TASK DESCRIPTION>
Your task is to reproduce exactly the lines from the one containing "צמיד פס Les" through the last line below, both ends included, and nothing else, with no pictures.
══ DATA PROVIDED
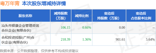 证券之星消息高忆配资,12月5日粤万年青发布公告《粤万年青:关于控股股东、实际控制人之一致行动人减持股份变动触及1%暨减持计划实施完毕的公告》,其股东汕头市银康企业管理咨询合伙企业(有限合伙)、合和投资控股(广州)合伙企业(有限合伙)于2025年12月3日至2025年12月4日间合计减持324.54万股,占公司目前总股本的2.0284%,变动期间该股股价上涨14.99%,截止12月4日收盘报27.92元。
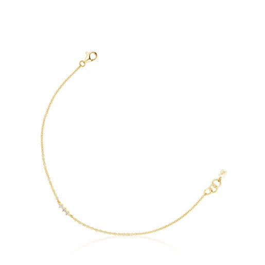 צמיד פס Les Classiques של TOUS עשוי זהב 18 קראט בשילוב שלושה יהלומים בחיתוך מבריק ובמשקל כולל של 0.05 קראט. איכות היהלומים: H/SI. אורך הצמיד: 17.5 ס''מ. סוגר לובסטר.
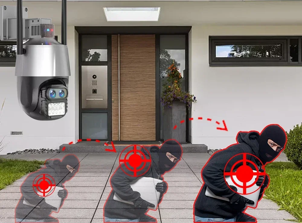 When someone passes through the alarm area, the camera will detect the person's movement. And track people.
════
ANSWER AREA>
 צמיד פס Les Classiques של TOUS עשוי זהב 18 קראט בשילוב שלושה יהלומים בחיתוך מבריק ובמשקל כולל של 0.05 קראט. איכות היהלומים: H/SI. אורך הצמיד: 17.5 ס''מ. סוגר לובסטר.
 When someone passes through the alarm area, the camera will detect the person's movement. And track people.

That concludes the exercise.